Validates the config on construction. If validation errors are found and telemetry is enabled, warnings are logged (but the client is still created).

### Methods

#### `start() -> None`

Start background event submission using a threading-based loop. Spawns a daemon thread that flushes the queue every `config.submit_interval_seconds`.

No-op if `config.enabled` is `False`.

#### `await start_async() -> None`

Start background event submission using an asyncio task. Creates an `asyncio.Task` that flushes the queue periodically.

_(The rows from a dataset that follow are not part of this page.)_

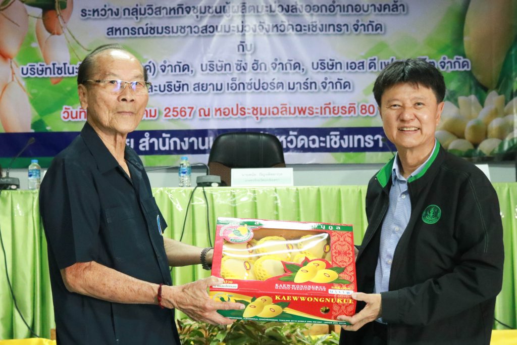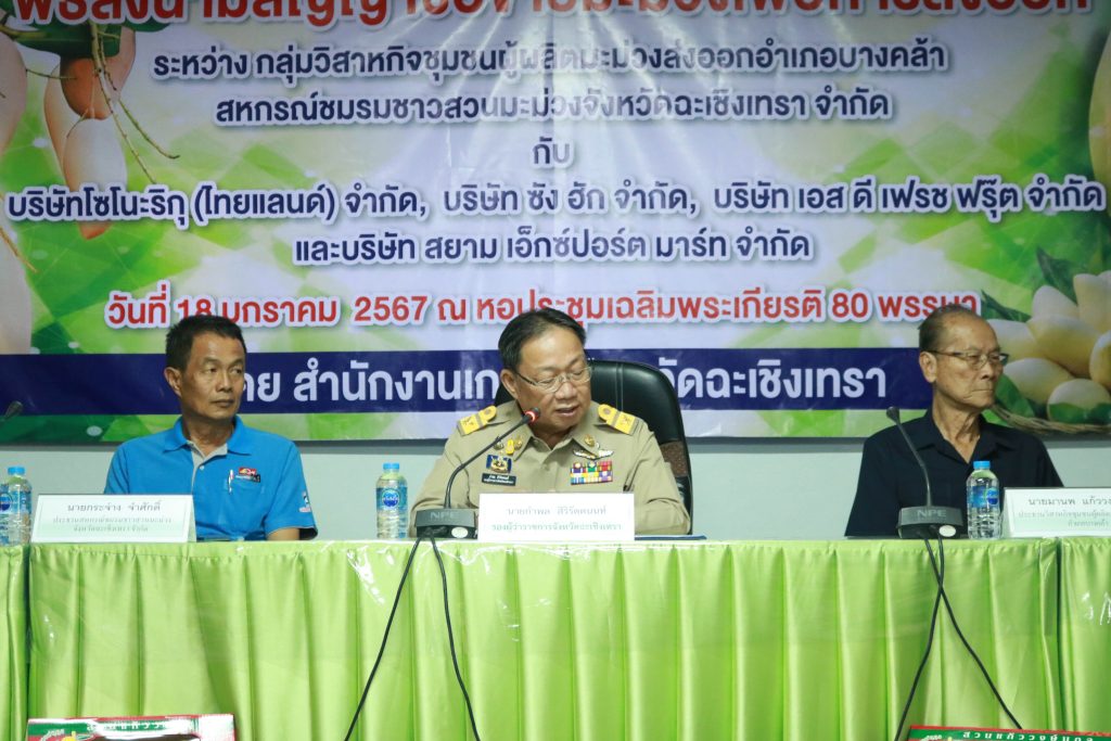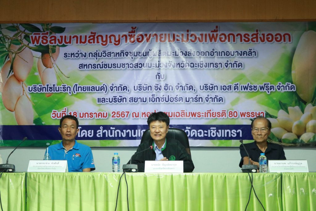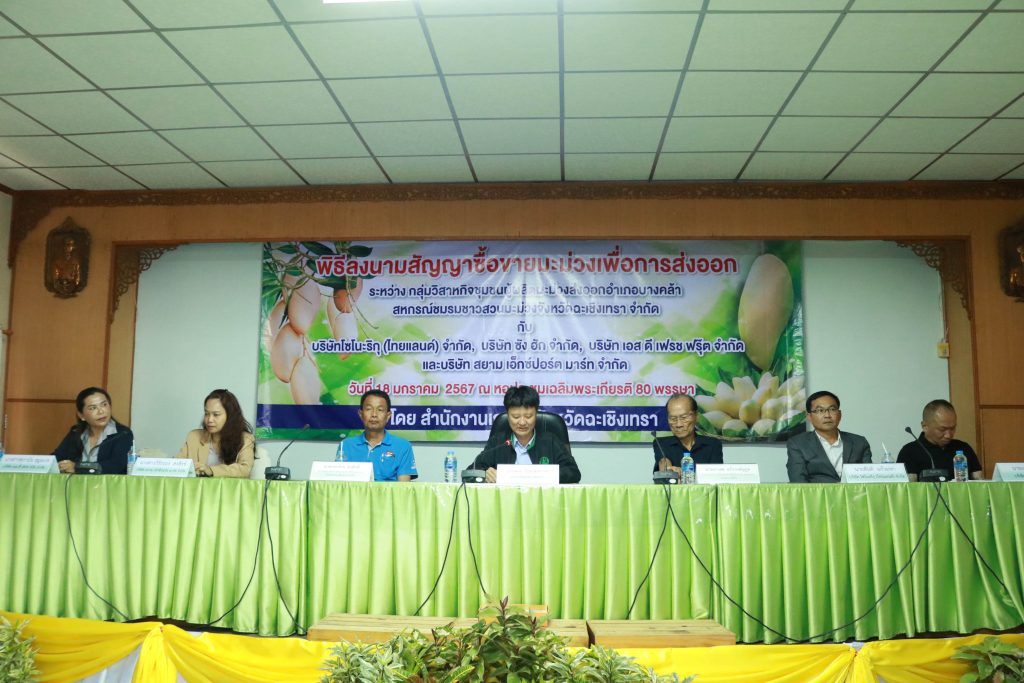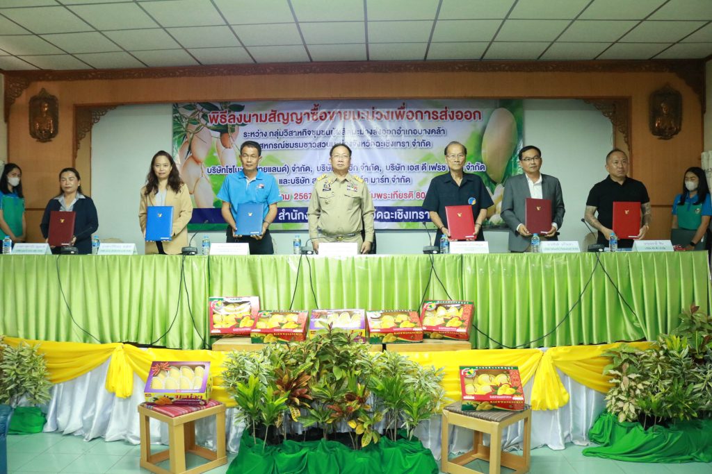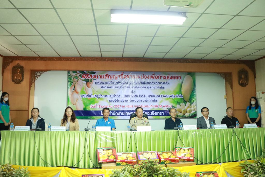 มะม่วงเป็นผลผลิตที่มีชื่อเสียงของจังหวัดฉะเชิงเทรา ซึ่งมีพื้นที่ปลูกกว่า 21,300 ไร่ ในเดือนมกราคม – พฤษภาคม เป็นช่วงที่ผลผลิตมะม่วงนอกฤดูและผลผลิตมะม่วงในฤดูของจังหวัดฉะเชิงเทราออกสู่ตลาด จังหวัดฉะเชิงเทรา จึงจัดพิธีลงนามสัญญาซื้อขายมะม่วงเพื่อการส่งออก ณ หอประชุมเฉลิมพระเกียรติ 80 พรรษา สำนักงานเกษตรจังหวัดฉะเชิงเทรา ซึ่งจัดให้เครือข่ายผู้ผลิตและผู้ส่งออกมะม่วงของจังหวัดฉะเชิงเทราลงนามสัญญาซื้อขายผลผลิต กิจกรรมประกอบด้วยการลงนามสัญญาซื้อขายผลผลิตมะม่วงระหว่างวิสาหกิจชุมชนผู้ผลิตมะม่วงส่งออกอำเภอบางคล้า กับบริษัท โซโนะริกุ (ไทยแลนด์) จำกัด บริษัท ซัง ฮัก จำกัด และบริษัท เอส ดี เฟรช ฟรุ๊ต จำกัดและการลงนามสัญญาซื้อขายผลผลิตมะม่วงระหว่างสหกรณ์ชมรมชาวสวนมะม่วงจังหวัดฉะเชิงเทรา จำกัด กับบริษัท สยาม เอ็กซ์ปอร์ต มาร์ท จำกัด รวมปริมาณผลผลิตกว่า 700 ตัน คิดเป็นมูลค่าไม่น้อยกว่า 40 ล้านบาท และการสัมมนาเครือข่ายผู้ผลิตและผู้ส่งออกมะม่วงของจังหวัดฉะเชิงเทรา เพื่อแลกเปลี่ยนข้อมูลสถานการณ์ในการผลิตและการตลาดมะม่วงที่สำคัญ ในการตัดสินใจของเกษตรกรชาวสวนมะม่วงพร้อมกระตุ้นการสร้างความเข้าใจในการผลิตมะม่วง ให้สอดคล้องกับความต้องการของตลาดทั้งด้านคุณภาพ และมาตรฐาน
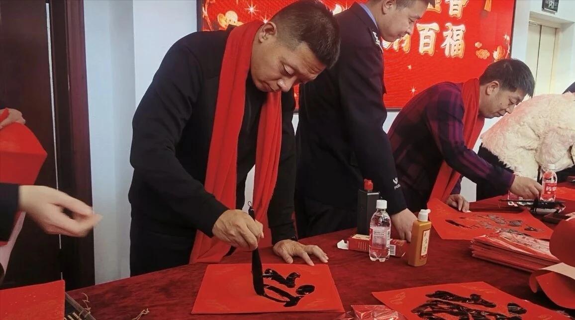 局政委王秀東出席活動(dòng)儀式并致辭,政工室主任劉鐵主持活動(dòng),市書法家協(xié)會名家與該局書法愛好者齊聚一堂,為堅(jiān)守崗位的民輔警送上新春祝福與文化滋養(yǎng)。活動(dòng)現(xiàn)場暖意融融、墨香四溢。大紅宣紙整齊鋪展,筆墨硯臺依次排開,書法家們凝神聚力、揮毫潑墨,筆鋒或遒勁有力、或溫婉流暢。一副副寓意深遠(yuǎn)的春聯(lián)躍然紙上,一個(gè)個(gè)飽滿圓潤的“?!弊殖休d著美好期許,既彰顯了中華傳統(tǒng)文化的魅力,又融入了公安工作的使命擔(dān)當(dāng)。
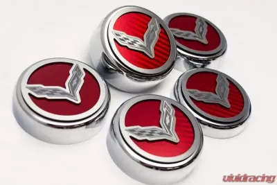 Upgrade your engine bay with these eye-catching fluid cap covers and showcase your Corvette's unique style!
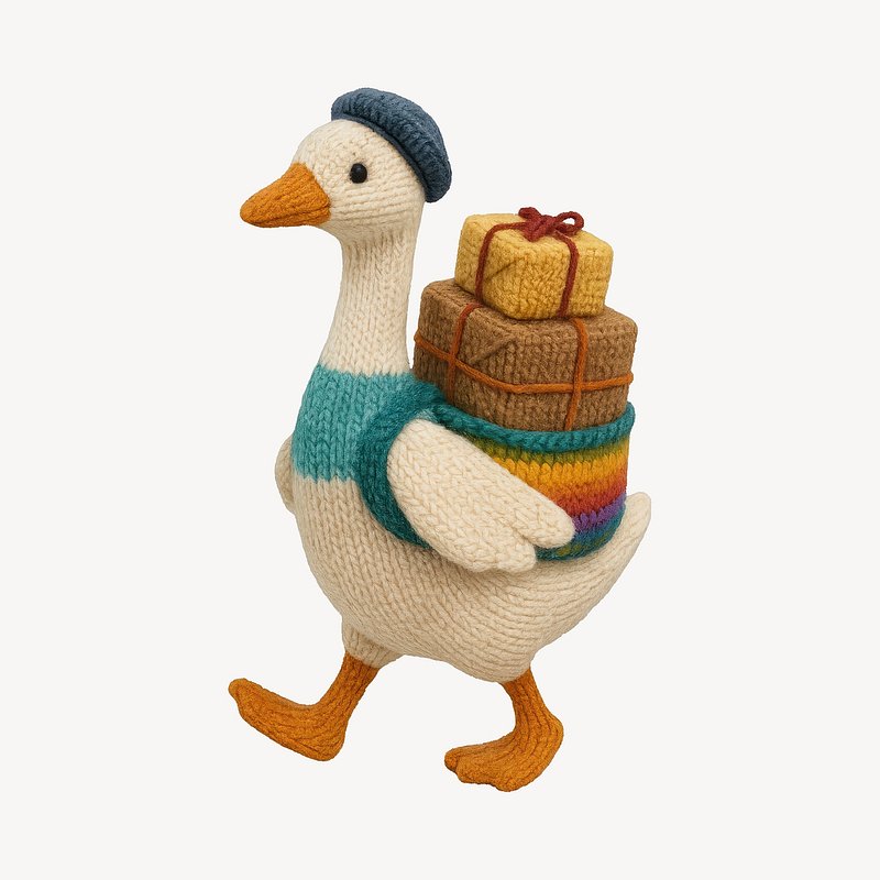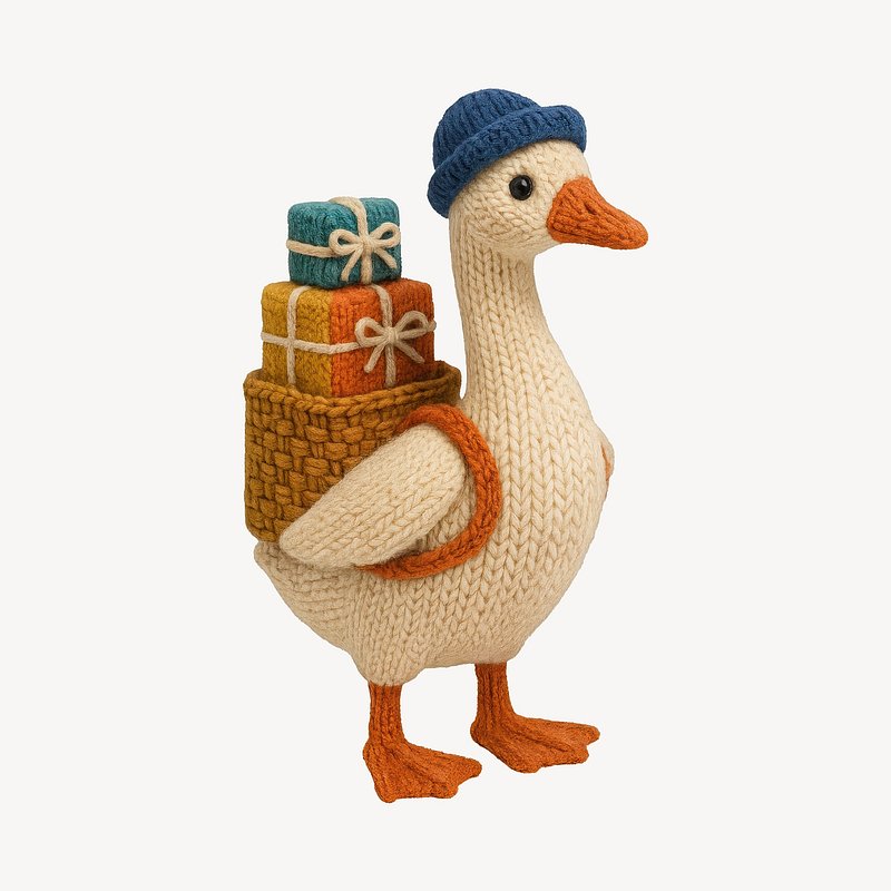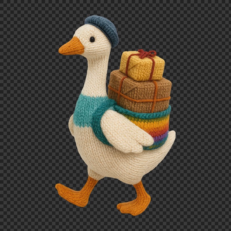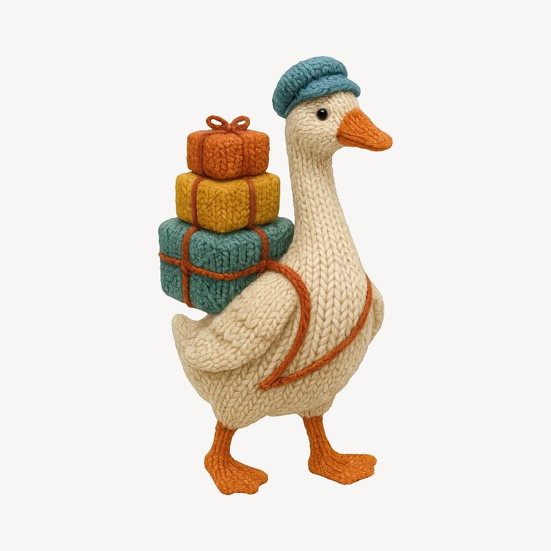 Knitted goose carrying colorful gifts. https://www.rawpixel.com/image/24609080/knitted-goose-carrying-colorful-giftsView license

No-op if `config.enabled` is `False`.

#### `stop() -> None`

Stop the sync background submitter. Performs a final flush of all remaining queued events before returning. Safe to call if not started.

#### `await stop_async() -> None`

Stop the async background submitter. Performs a final flush of all remaining queued events before returning. Safe to call if not started.

#### `track(event: TaskCompletionEvent) -> None`

Queue an event for submission. **Always synchronous.** **Never blocks.** **Never throws.**

If telemetry is disabled, the event is silently dropped. If the queue is full, the oldest event is evicted. Any unexpected error is caught and logged.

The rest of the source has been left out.